Vista da Los Angeles l’America trumpiana come appare?
«Un paese confuso, dove si respira un clima di grande libertà. Anche creativa. Vivo lì da un anno: è stato formidabile incontrare, fare conoscenze, ascoltare la radio che stabilmente tengo sintonizzata sui canali di blackmusic. Ogni tanto vado in studio a fare sessions di scrittura: sono suoni e ritmi che ritroverò nel mio prossimo album. Il ricchissimo beat r’n’b è ormai il riferimento di tutti i produttori musicali, è la base dei pezzi di Adele, di Ed Sheeran, di Taylor Swift».
La black music ha una lunga storia con lei.
«La prima volta ho cantato in un coro gospel a Latina. Avevamo un bel repertorio, non solo classici alla Happy day, ma passavamo da Stevie Wonder a Mary J.Blige. Avevo 16 anni. Un giorno il direttore venne verso di me e mi strattonò: tu canta con gli altri, mi disse. Evidentemente emergevo troppo col volume della mia voce».
Quanto tempo ha cantato nel coro?
«Fino a venti anni. È stata una grande scuola. A un certo punto come direttore arrivò Joy Malcolm degli Incognito, perché durante un tour della band a Latina si innamorò di un nostro tastierista e si fermò. Era una che con la voce menava forte e mi ha insegnato a asciugare le note».
Xdono, il primo successo, era un pezzo molto black.
«Che ho inciso solo dopo la partecipazione all’Accademia di Sanremo, quando Mara Maionchi e Alberto Salerno mi misero sotto contratto. Fino ad allora le mie canzoni non le voleva nessuno e le case discografiche mi sbattevano le porte in faccia».
Oggi c’è la fila alla sua porta, ha scritto praticamente per tutti i grandi nomi della pop music nazionale.
«Scherza, scherza sono diventati davvero un bel po’. Mi piace, difficilmente dico di no.

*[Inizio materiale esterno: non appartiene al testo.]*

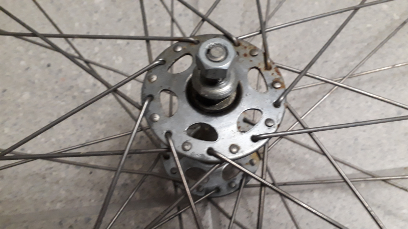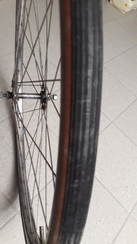 Es ist noch ein alter Reifen drauf mit einem alten Schlauch drin.

Io sono uno che scrive a fiume, pur sapendo che poi butterò l’80 per cento. Ma, magari, arriva Fiorella Mannoia e, quel dato pezzo coi dovuti ritocchi, funziona per lei».
Lavora quasi come un sarto.
«Le canzoni sono come i vestiti, se una non va per me può essere adatta a Patty Pravo, che è una donna di una certa età».

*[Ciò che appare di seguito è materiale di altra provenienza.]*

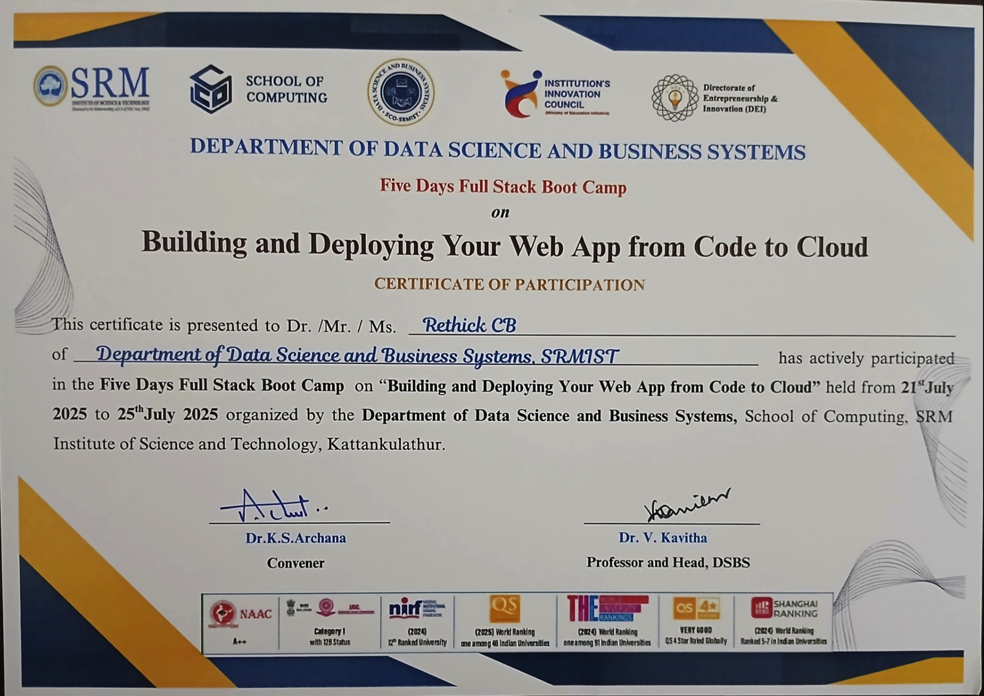It was conducted during Innovatex'25, organized by the SRMIST ACM SIGAI Student Chapter, Department of Computational Intelligence, School of Computing, SRM Institute of Science and Technology.

Scherza, scherza, intanto, è diventato una star da stadio. Un tour come quello che farà questa estate se lo potrebbero permettere solo Vasco, Liga e Jovanotti.

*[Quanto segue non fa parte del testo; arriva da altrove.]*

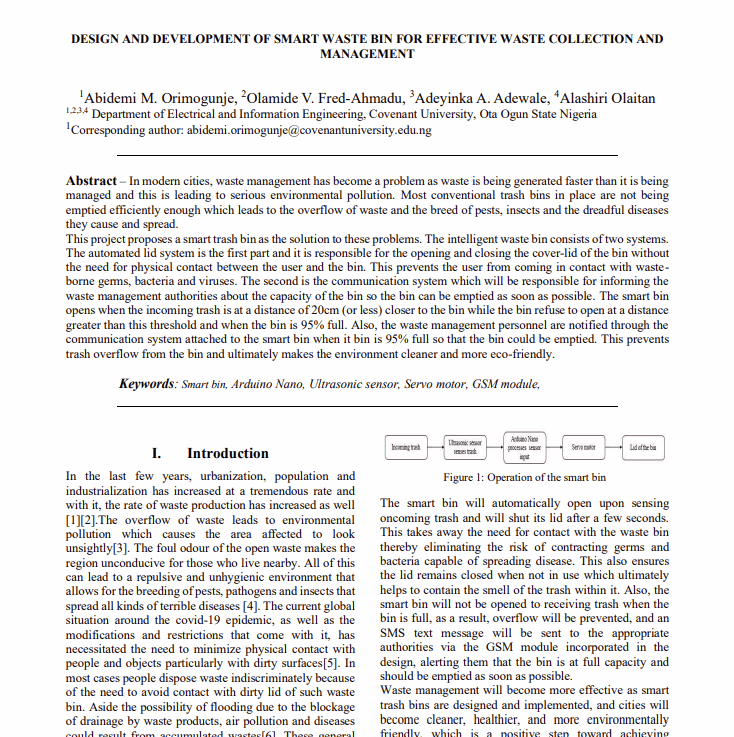 Design and Development of Smart Waste Bin for Effective Waste Collection and Management

«Ma non so se ne farò altri. Il tour dell’anno scorso era un’eccezione, anche se non c’è stato un solo minuto in cui mi sono sentito fuori luogo. Quello di quest’anno è un investimento. Magari fra 15 anni fare gli stadi sarà una cosa che tutti si aspettano da me, come succede per Vasco e Liga.».
Nel bagno di folla c’è un senso di rivalsa, dopo quell’adolescenza che lei racconta frustrante?
«Più che rivalsa, rivincita. Quello che so di certo è che, dopo questo giro di stadi, mi fermerò. Niente autunno nei palazzetti, ci rivedremo nel 2019 col nuovo album e nel 2020 coi concerti. So che può sembrare una follia, l’idea dominante oggi è che uno debba stare sempre lì. Ma per fare cose belle ci vuole tempo. È l’unico modo per non bruciarsi».
Tiziano Ferro debutta l’11 giugno a Lignano Sabbiadoro, a seguire tre date a San Siro e due all’Olimpico. Il 15 luglio chiusura Firenze.
«Sarà un concerto divertente, dinamico, pensato dal punto di vista dello spettatore non dall’ego di un cantante che si sente onnipotente. Al centro ci saranno le canzoni, ma non mi piacciono quei megapalchi costruiti per distrarre dalla musica»: è la promessa.